Breast tumor tissues typically comprise tumor cells and stromal cells, which can induce significant changes in the peritumoral stroma (12). Research in tumor biology has highlighted the critical role of the tumor microenvironment in the initiation, progression, and metastasis of cancer (13). A comprehensive analysis of both the intratumoral region (ITR) and the peritumoral region (PTR) can enhance the differentiation between benign and malignant tumors (14). Radiomics enables the extraction of subtle features from medical images that are not discernible to the naked eye through high-throughput methods (15). These subtle features may be closely associated with tumor heterogeneity and specific biological behaviors of tumor cells (16).
Meanwhile, deep learning (DL), an advanced branch of artificial intelligence (AI), can mimic the human nervous system through multi-layer neural networks (17), performing hierarchical abstraction and feature extraction of complex image data to achieve efficient classification and prediction (18). In recent years, become a significant trend in medical imaging research.

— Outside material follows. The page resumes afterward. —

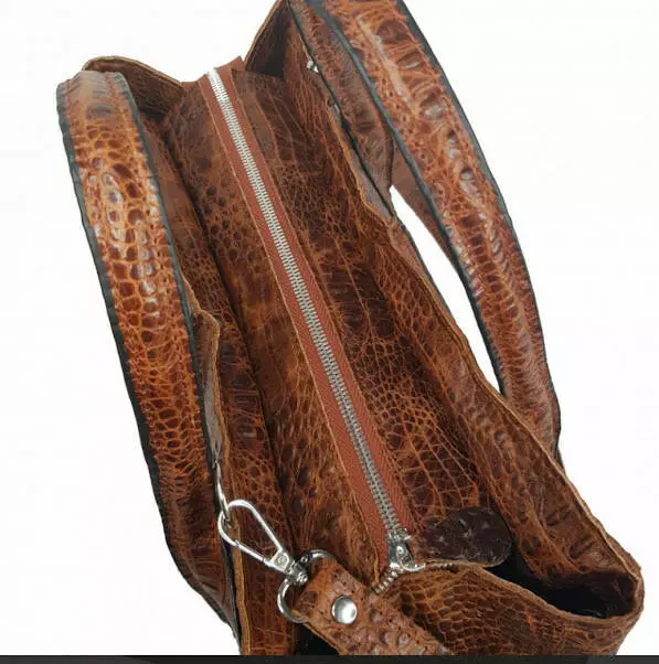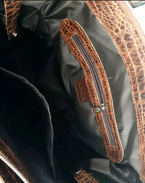 на молнии и открытый глубокий карман. Сумка закрывается на молнию.

The primary objective of this study is to evaluate the diagnostic value of ultrasound-based deep transfer learning (DTL) features derived from the ITR and various PTRs in distinguishing between benign and malignant BI-RADS 3–4 breast nodules. By integrating DTL features from both ITR and PTR, we aim to develop a more accurate, stable, and objective diagnostic model that enhances the differential diagnostic performance for BI-RADS 3–4 breast nodules, reduces misdiagnosis rates, and optimizes clinical decision-making. We present this article in accordance with the TRIPOD reporting checklist (available at https://gs.amegroups.com/article/view/10.21037/gs-24-457/rc).
Methods
Ethical approval
The study was conducted in accordance with the Declaration of Helsinki and its subsequent amendments. The two-center observational study was conducted using a retrospective cohort design and was approved by Ethics Committees of Shanghai Sixth People’s Hospital Affiliated to Shanghai Jiao Tong University School of Medicine (No. 2019-027) and Shuguang Hospital Affiliated to Shanghai University of Traditional Chinese Medicine (No. 2024-KY-117K). As a retrospective study, it was exempted from the requirement for patient informed consent.
Patient selection
We retrospectively collected data from female patients with breast nodules classified as BI-RADS 3–4 via ultrasound during routine preoperative examinations between June 2017 and June 2023 at two centers. The inclusion criteria were: (I) availability of final surgical or core needle biopsy pathological diagnoses; (II) breast ultrasound examination performed within 2 weeks prior to biopsy or surgery, with clear and complete two-dimensional grayscale ultrasound images of the target nodule’s maximum diameter, accompanied by detailed descriptive reports and clinical pathological data; (III) classification of the target lesion into BI-RADS 3–4A, 4B, or 4C according to the second edition of the ACR BI-RADS (6). The exclusion criteria included: (I) ambiguous pathological results; (II) tumors too large to be fully visualized in images; (III) patients who received anticancer treatments (such as chemotherapy, radiotherapy, or endocrine therapy) before surgery; (IV) incomplete imaging or clinical data.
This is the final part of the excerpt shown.